Applications
Wheal and Flare Response
The wheal and flare response (WFR) is the common reference to the triple response described by Lewis (Lewis, 1926): erythema, at site of injury, a spreading flare in the surrounding skin followed by pallor around the centre, as oedema develops, due to leaking capillaries.
Wheal and flare can be induced by local introduction of histamine into the skin by lancet, intra-dermal injection or by micro-dialysis. Laser Doppler imaging (LDI) aids the investigation of mechanisms of WFR and treatments that inhibit it (Denham, 2004).
Laser Doppler and Speckle Contrast Imaging
The microvascular blood flow response is most graphically visualised by laser Doppler Imaging (Clough and Church, 2002) or Speckle imaging (Clough et al, 2006). The dynamic evolution of the response is best observed with the moorLDLS2 or the moorFLPI imagers.

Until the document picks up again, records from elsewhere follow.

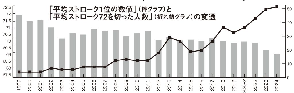 この25年間、特にここ数年で日本ツアー全体のスキルやレベルがアップしていることは、ツアーのスタッツの「平均ストローク」の推移、また72を切った選手の人数を見ればわかります。初めて70を切ったのが19年の申ジエさん。日本人では22年に山下美夢有さんが70を切って以後、3年連続69台で1位。昨年は2位の竹田麗央さん、3位の岩井明愛さんまでが69台。このトップ3の選手は今季から米ツアーに参戦しています。
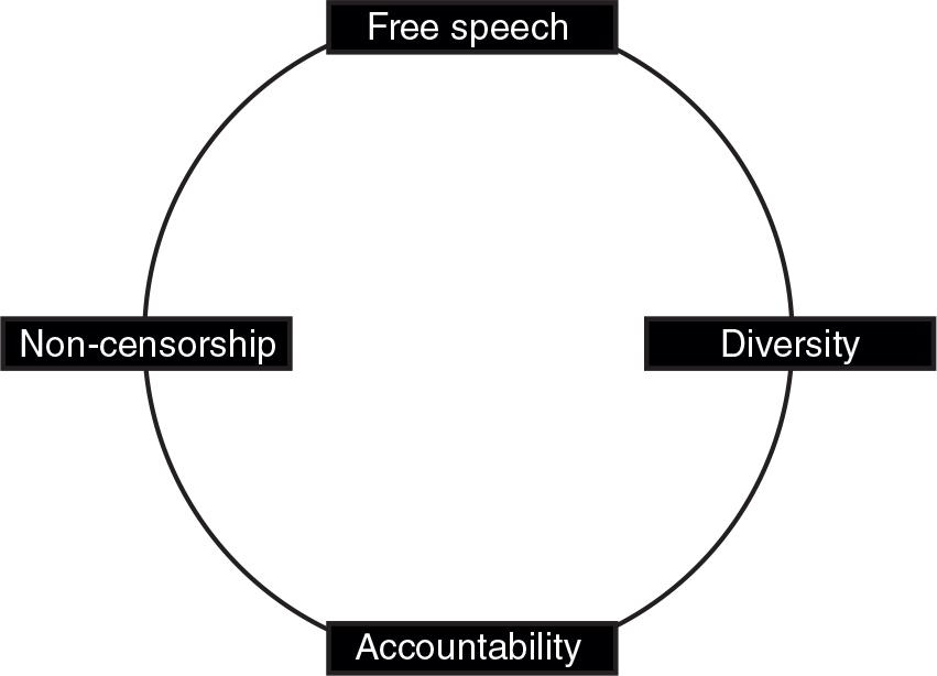 The state’s enabling function for democratic free speech is highlighted explicitly in Sweden, where state policy has a role in promoting and deepening democracy through safeguarding free speech (SOU 1975: 79, p.126; SOU 1995: 37, p.156) and to create prerequisites for plurality (Dir. 2015: 26, p.2). However, rhetoric about this aspect of free speech may be changing. For example, a 2015 official government report on media policy (SOU 2015: 94, p.37) describes the state’s relationship to free speech in ambiguous terms. It suggests: “Every aspect of state governance can … be interpreted as infringements of these fundamental freedoms” of speech and information, but it also reaffirms the state’s purpose in media policy is “to create as free a society as possible where diversity of media can secure the rights and interests of all citizens”.(3) In these statements, at least in the first one, it is almost as if free speech is being reduced to the absence of censorship rather than also encompassing diversity of voices.
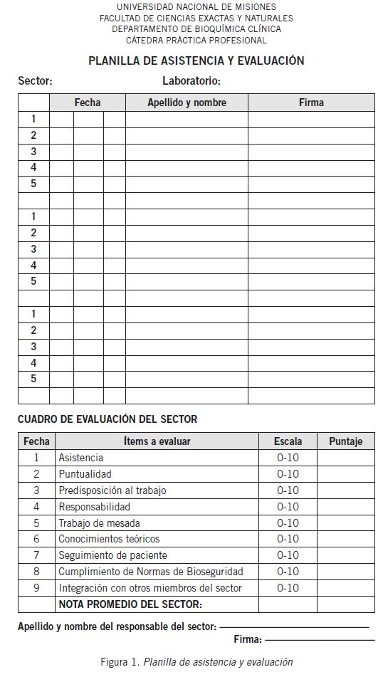Los profesionales tutores de los laboratorios de rotaciones registran las calificaciones en una planilla provista por la cátedra de acuerdo a los puntos de interés para la formación en ese ámbito. Los ítems que se evalúan son: asistencia, puntualidad, predisposición al trabajo, responsabilidad, trabajo de mesada, conocimientos teóricos, seguimiento de pacientes, cumplimiento de normas de bioseguridad e integración con otros miembros del sector (Fig. 1, planilla de asistencia y evaluación).
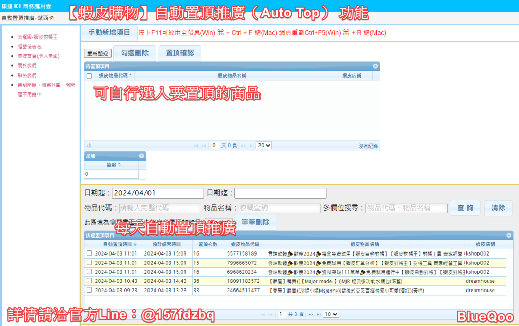 蝦皮 自動置頂快速上手,簡單四步驟 Posted on 2024-04-25Updated on 2025-04-10by 康捷QooCategories:自動置頂, 蝦皮API, 蝦皮對帳王 蝦皮 自動置頂快速上手,簡單四步驟
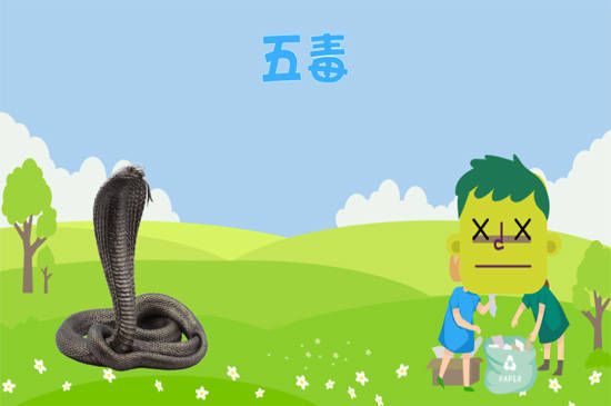 五毒指的是蜈蚣、毒蛇、蝎子、壁虎、蟾蜍。蜈蚣的体内有毒液,被咬过之后会有肿痛感,毒性大的蛇会直接造成人的死亡,被蝎子蜇中毒后人会抽搐引起中风,蟾蜍不会攻击人,但毒性极大,其会分泌蟾酥,严重的情况下会致盲致命。
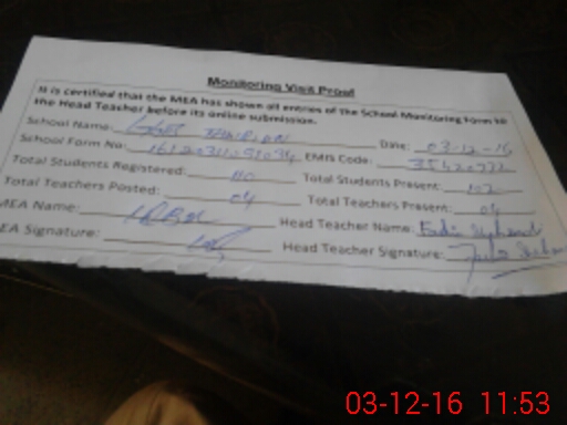 | Attendance Register | Head Teacher | MEA with School | Visit Proof |
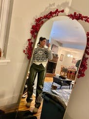 Literally loved these pants and wore them to two separate holiday parties—one for work and one with friends. They’re shiny and almost look chrome in dark lighting. I rented my normal size and the fit was perfect.
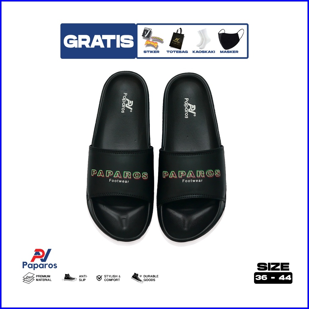 Paparos Footwear - Sandal Slide Series Focus Black - Sandal Selop Kasual Pria Wanita

With laser Doppler monitoring the observed responses will be site dependent; a central point will indicate a flare of reduced duration (due to wheal formation) than more distal positions.
Methods
The forearm is a common test site. This region is traversed by underlying veins; the blood flow in these can distort laser Doppler assessments of microvascular blood flow so it is important to select regions of interest that avoid veins. Speckle imaging with the moorFLPI is not affected by underlying veins (except from very thin skin of the very young or elderly) so it will be the method of choice for WFR assessments.
To enable later, accurate assessment of flare area, skin should be marked with black dots separated by 2cm, e.g. using a surgical marker pen). The histamine should be introduced near the centre position between the marker dots. An area of at-least 5cm x 5cm (2” x 2”) should be scanned so that the whole of the flare area can be visualised (depending on dose – take care not to use excess dose, the response ‘seen’ by moorFLPI is much larger than can be seen by eye!).
Analysis
On image review, the flare area can be calculated from the number of image pixels that are significantly greater than the baseline skin blood flow. Baseline skin blood flow is assessed by defining a region of interest (ROI); the software is then used to calculate the average flux, the standard deviation (SD) and other basic statistics. This is used to calculate a level to define flare; e.g. 2 x baseline or baseline + 2 x SD. The area is then derived using either the Histogram function or the Cut-below and statistics functions
The speed of flare development can be assessed by using the software to graph the average flux within up to 16 user-defined regions. Data can be imported to spreadsheet software for further analysis.
References
Clough GF and Church MK. Vascular Responses in the Skin: an Accessible Model of Inflammation News Physiol Sci, 2002, 17: 170-174
Clough G F, Church M K, Gush RJ, Lillington S, Somers MCS, Boggett DM
Propagation of the Vasodilator Response assessed by Full-field Laser Doppler Perfusion Imaging (FLPI): a new, fast tissue blood flow imaging technique. ESM, 2006.
Denham KJ, Boutsiouki P, Clough G F and Church MK. Comparison of the effects of desloratadine and levocetirizine on histamine-induced wheal, flare and itch in human skin. Inflamm. res. 2003; 52; 1–4
Lewis T. Vascular reactions of the skin to injury. I. Reaction to stroking; urticaria factitia. Heart,
1924, 11, 119.
Lewis, T: Local Means of Producing the Triple Response in the Blood Vessels of Human Skin and their Responses, Chapter 4. 1927 London: Shaw & Son, p 46–64.